Claire kept her hands where they were for another few seconds. Then she stopped.
No one asked.
She looked at Kara's face, then away from it. Her own expression had gone flat in the way people looked when there was too much happening behind it.
Ryan swallowed. "She's gone?"
Claire nodded once.
That was all.
Julia made a sound that could have become a sob if she'd had the breath for it. Instead it broke in the middle and vanished. Noah covered his mouth with one hand and stared at the floor. Ethan looked at Kara and saw, with a kind of sick disbelief, not the body on the carpet but the woman from a few minutes ago—shouting, moving, forcing everyone else to move with her. It didn't line up. His mind kept refusing it and then crashing into it again.
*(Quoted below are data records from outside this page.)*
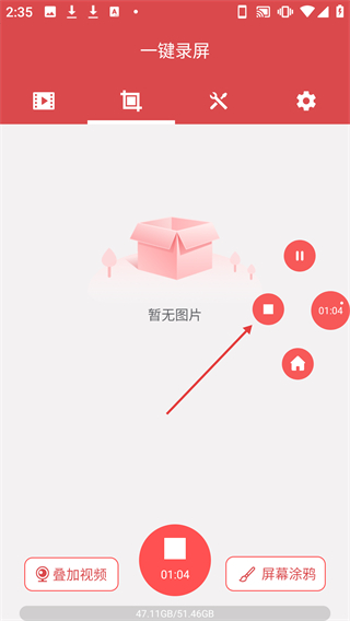 3、錄屏過程中,點擊對應按鈕可進行操作,點擊顯示【01:04】旁邊的按鈕可結束當前錄制。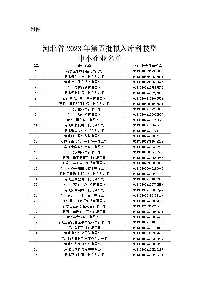 河北省科學(xué)技術(shù)廳關(guān)于公示2023年第五批擬入庫(kù)科技型中小企業(yè)名單的通知各有關(guān)單位: 根據(jù)《科技型中小企業(yè)評(píng)價(jià)辦法》(國(guó)科發(fā)政〔2017〕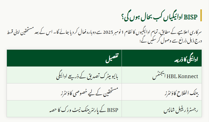 BISP payments will restart from November 1, 2025, after maintenance is completed.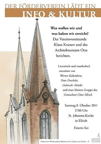 In einer Informationsveranstaltung am kommenden Samstag (8. Oktober) um 17 Uhr in der St. Johanniskirche Ellrich informiert der Vereinsvorsitzende Dr. Klaus Kranert über die Ziele und Aktivitäten des Fördervereins. Das Architekten-Team Otte aus Sangerhausen stellt das Bauprojekt anschaulich vor und erläutert die erforderlichen Maßnahmen zur Realisierung des ehrgeizigen Vorhabens.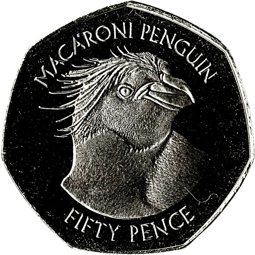 50 пенсів — Єлизавета II (макаронний пінгвін) 2018 – 2021 Фолклендські острови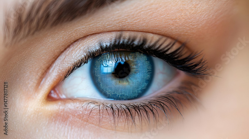 Close-up of a Woman's Bright Blue Eye with Detailed Iris and Long Eyelashes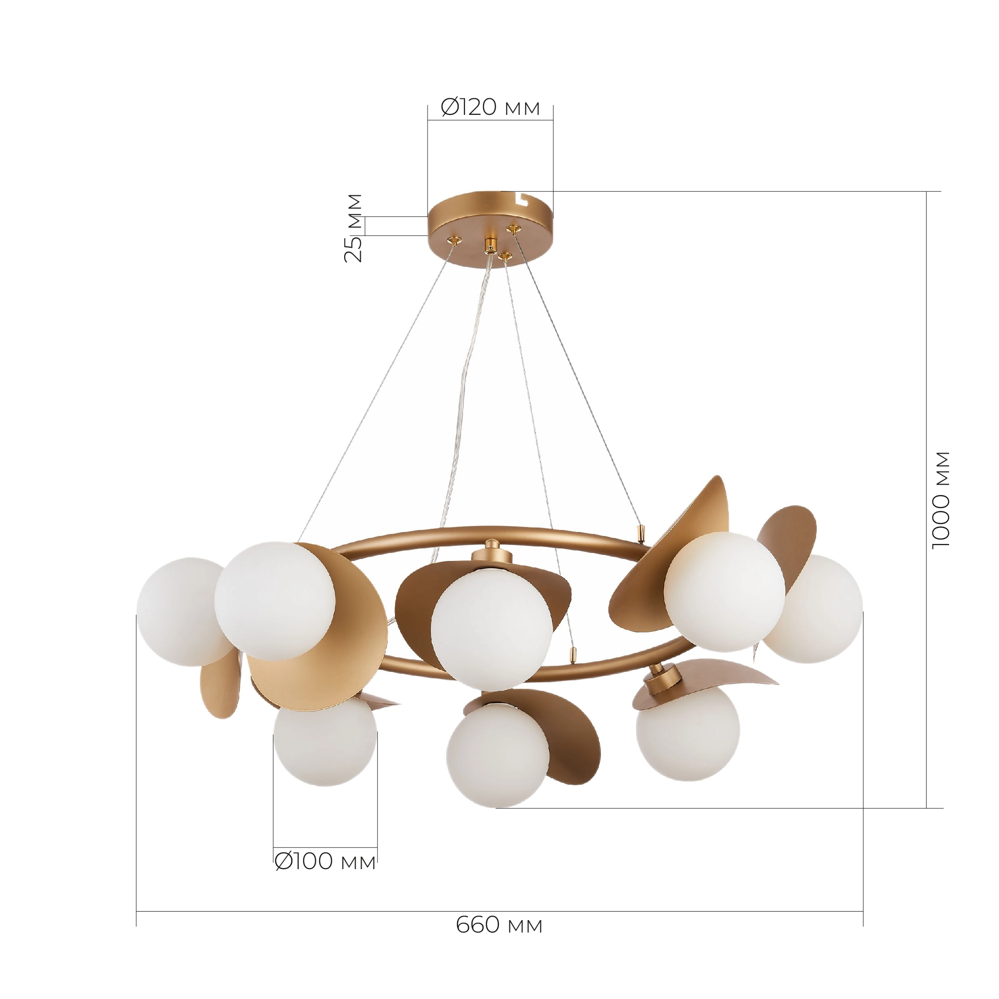 Артикул: SLE220503-08; Бренд: EVOLUCE; Коллекция: BOLZANO; Стиль: Modern; товарная группа: Подвесные светильники; Тип крепления: планка; Степень защиты: IP20; Площадь освещения, м2: 14; Количество ламп: 8; Тип ламп: LED; Тип цоколя: G9 LED; Мощность ламп, W: 5; Общая мощность, W: 40; Цветовая температура, K: 4000K; Материал каркаса: металл, Металл; Материал плафона: стекло, Стекло; Цвет каркаса: золотистый; Цвет плафона: белый, Белый; Лампы в комплекте: В комплекте; Гарантия, мес: 12; высота: 1000; Диаметр, мм: 660; Штрихкод: 4627201295750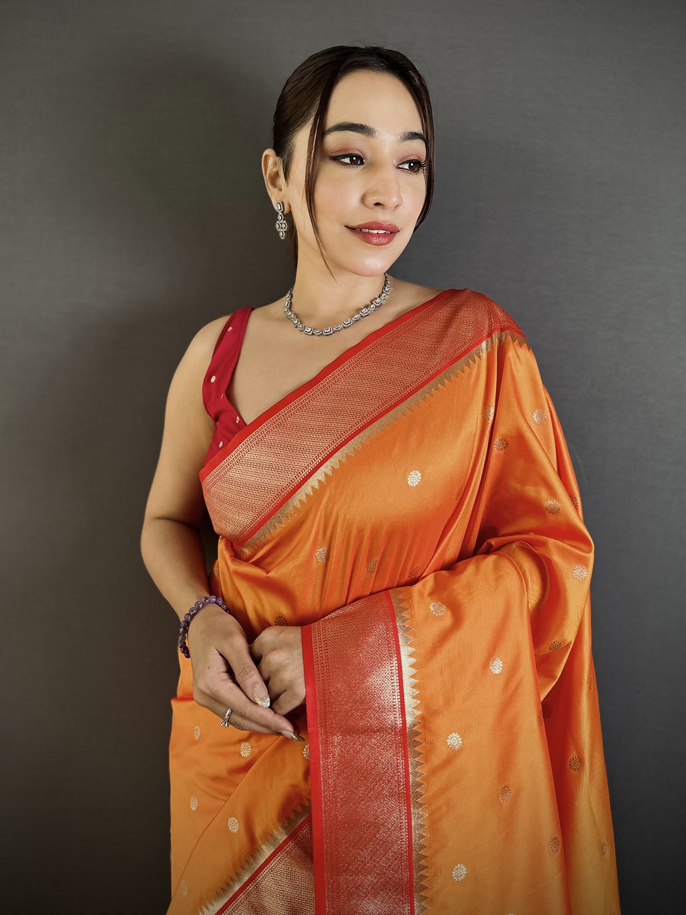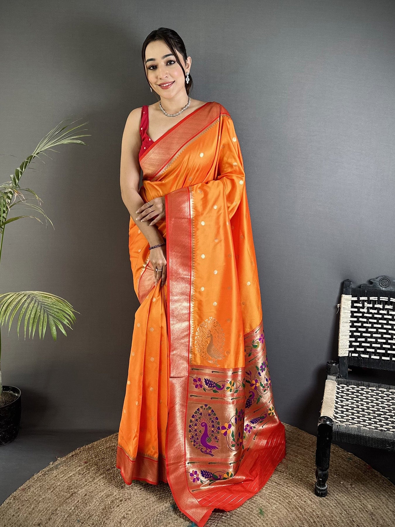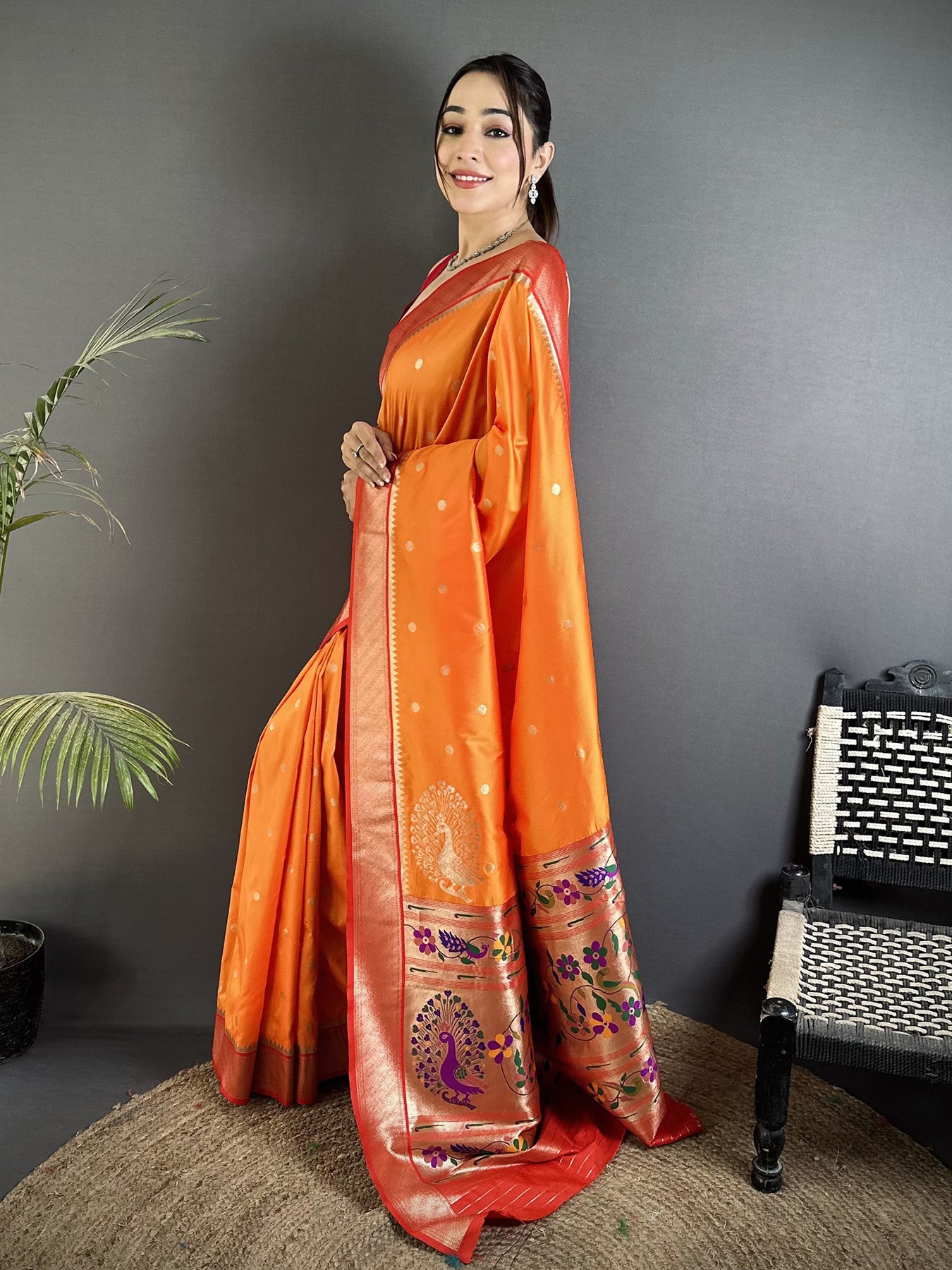 Orange Lichi Silk Paithani Peacock Motifs Zari Work Saree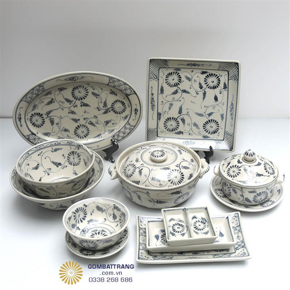 Hoa cúc - biểu tượng của sự trường thọ và tinh thần bất khuất - được đặt ở vị trí trung tâm mỗi sản phẩm, bao quanh bởi dây leo mềm mại tượng trưng cho sự kết nối bền chặt trong gia đình.bát đĩa bát tràng đẹp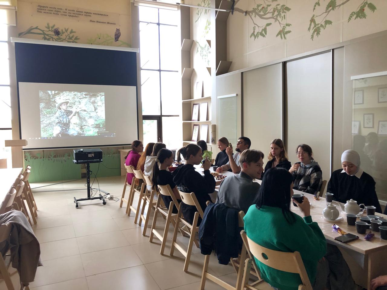 Заместитель директора по экопросвещению, рекреации и туризма Национального парка «Нижняя Кама» Сахбиева Лилия Ахметзяновна рассказала о работе, познакомила с экспозицией визит-центра. Все завершилось чаепитием, просмотром фильмов о природе Национального парка «Нижняя Кама».

He glanced toward the doorway.
Daniel was still there.
He had not moved either. Of course he hadn't. But some part of Ethan still expected the whole scene to pull backward somehow, to become unreal if he stared at it long enough. Daniel's body blocked part of the entrance. Beyond him, the hallway looked oddly normal: gray carpet, white walls, strip lighting, the corner of the break room sign. The ordinary shape of it made what had happened in front of it worse.
A dull thud sounded from somewhere down the corridor.
Then another.
Ryan flinched hard enough to knock his shoulder against the partition behind him. "Jesus."
Nobody answered.
The office held its breath around them.
They had been six people ten minutes ago. Then five. Now four.
Ethan had never understood how quickly numbers could stop meaning anything. Six coworkers, five coworkers, four survivors. The language changed under pressure. It stripped itself down without asking permission.
He became aware that his shirt sleeve was stiff with drying blood. He didn't know how much of it was Kara's.
Outside, a chorus of shouts rose and broke apart.
Noah was the one who finally looked up, not because he had something to say, Ethan thought, but because silence had become worse than hearing himself breathe. Before he could speak, Ryan beat him to it.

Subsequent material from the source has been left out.